*Instructions to follow:*
Somewhere below, one line contains "为每个组件、视图和库(如 Vue、Vuex 和" and a later line contains "দেশে চলমান ধর্ষণ,নারীর". Output those two lines and everything between them exactly, and nothing else.

*Input data:*
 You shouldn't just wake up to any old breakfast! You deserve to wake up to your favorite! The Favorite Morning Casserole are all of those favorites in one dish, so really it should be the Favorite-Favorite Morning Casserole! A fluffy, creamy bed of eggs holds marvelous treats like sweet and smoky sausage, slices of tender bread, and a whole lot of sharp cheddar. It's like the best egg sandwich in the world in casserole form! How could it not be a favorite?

--

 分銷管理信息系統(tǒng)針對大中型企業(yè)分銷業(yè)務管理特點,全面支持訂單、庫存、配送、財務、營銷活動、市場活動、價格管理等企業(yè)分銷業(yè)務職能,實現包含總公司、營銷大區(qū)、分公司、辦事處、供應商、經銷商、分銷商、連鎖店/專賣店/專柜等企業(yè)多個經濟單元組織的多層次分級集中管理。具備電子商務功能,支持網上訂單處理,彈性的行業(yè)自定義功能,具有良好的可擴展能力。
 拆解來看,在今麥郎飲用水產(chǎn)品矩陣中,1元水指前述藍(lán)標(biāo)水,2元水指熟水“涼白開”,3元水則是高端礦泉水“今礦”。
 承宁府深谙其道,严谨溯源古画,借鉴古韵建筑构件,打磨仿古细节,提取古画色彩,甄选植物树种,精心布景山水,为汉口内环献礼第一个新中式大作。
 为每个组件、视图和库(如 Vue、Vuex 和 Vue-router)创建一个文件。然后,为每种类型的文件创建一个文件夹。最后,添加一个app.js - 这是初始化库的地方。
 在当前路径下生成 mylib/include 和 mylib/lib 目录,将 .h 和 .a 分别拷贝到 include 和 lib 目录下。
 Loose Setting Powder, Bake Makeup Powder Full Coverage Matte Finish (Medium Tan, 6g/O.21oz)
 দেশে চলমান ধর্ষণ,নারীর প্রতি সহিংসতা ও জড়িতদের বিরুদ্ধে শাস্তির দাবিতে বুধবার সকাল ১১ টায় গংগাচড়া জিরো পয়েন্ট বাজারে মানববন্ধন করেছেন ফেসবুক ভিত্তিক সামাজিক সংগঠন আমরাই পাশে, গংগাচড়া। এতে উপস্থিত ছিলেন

--

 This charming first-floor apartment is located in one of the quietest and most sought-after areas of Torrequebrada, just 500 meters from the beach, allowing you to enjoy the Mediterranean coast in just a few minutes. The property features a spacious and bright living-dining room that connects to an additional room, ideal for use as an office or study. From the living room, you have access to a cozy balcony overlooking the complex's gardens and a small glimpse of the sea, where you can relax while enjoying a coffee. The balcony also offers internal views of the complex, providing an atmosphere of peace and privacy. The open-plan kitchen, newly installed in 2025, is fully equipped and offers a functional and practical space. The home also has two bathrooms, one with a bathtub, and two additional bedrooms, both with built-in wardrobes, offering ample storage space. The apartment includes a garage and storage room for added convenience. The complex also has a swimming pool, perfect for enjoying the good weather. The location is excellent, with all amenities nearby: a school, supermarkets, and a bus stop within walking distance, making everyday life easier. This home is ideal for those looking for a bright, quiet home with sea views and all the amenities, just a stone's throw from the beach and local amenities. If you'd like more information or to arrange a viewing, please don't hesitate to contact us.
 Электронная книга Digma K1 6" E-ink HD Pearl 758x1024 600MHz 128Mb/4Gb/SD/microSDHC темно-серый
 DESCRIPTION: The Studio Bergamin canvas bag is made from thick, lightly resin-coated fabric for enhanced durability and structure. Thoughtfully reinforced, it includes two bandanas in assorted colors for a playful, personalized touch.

*Task response:*
 为每个组件、视图和库(如 Vue、Vuex 和 Vue-router)创建一个文件。然后,为每种类型的文件创建一个文件夹。最后,添加一个app.js - 这是初始化库的地方。
 在当前路径下生成 mylib/include 和 mylib/lib 目录,将 .h 和 .a 分别拷贝到 include 和 lib 目录下。
 Loose Setting Powder, Bake Makeup Powder Full Coverage Matte Finish (Medium Tan, 6g/O.21oz)
 দেশে চলমান ধর্ষণ,নারীর প্রতি সহিংসতা ও জড়িতদের বিরুদ্ধে শাস্তির দাবিতে বুধবার সকাল ১১ টায় গংগাচড়া জিরো পয়েন্ট বাজারে মানববন্ধন করেছেন ফেসবুক ভিত্তিক সামাজিক সংগঠন আমরাই পাশে, গংগাচড়া। এতে উপস্থিত ছিলেন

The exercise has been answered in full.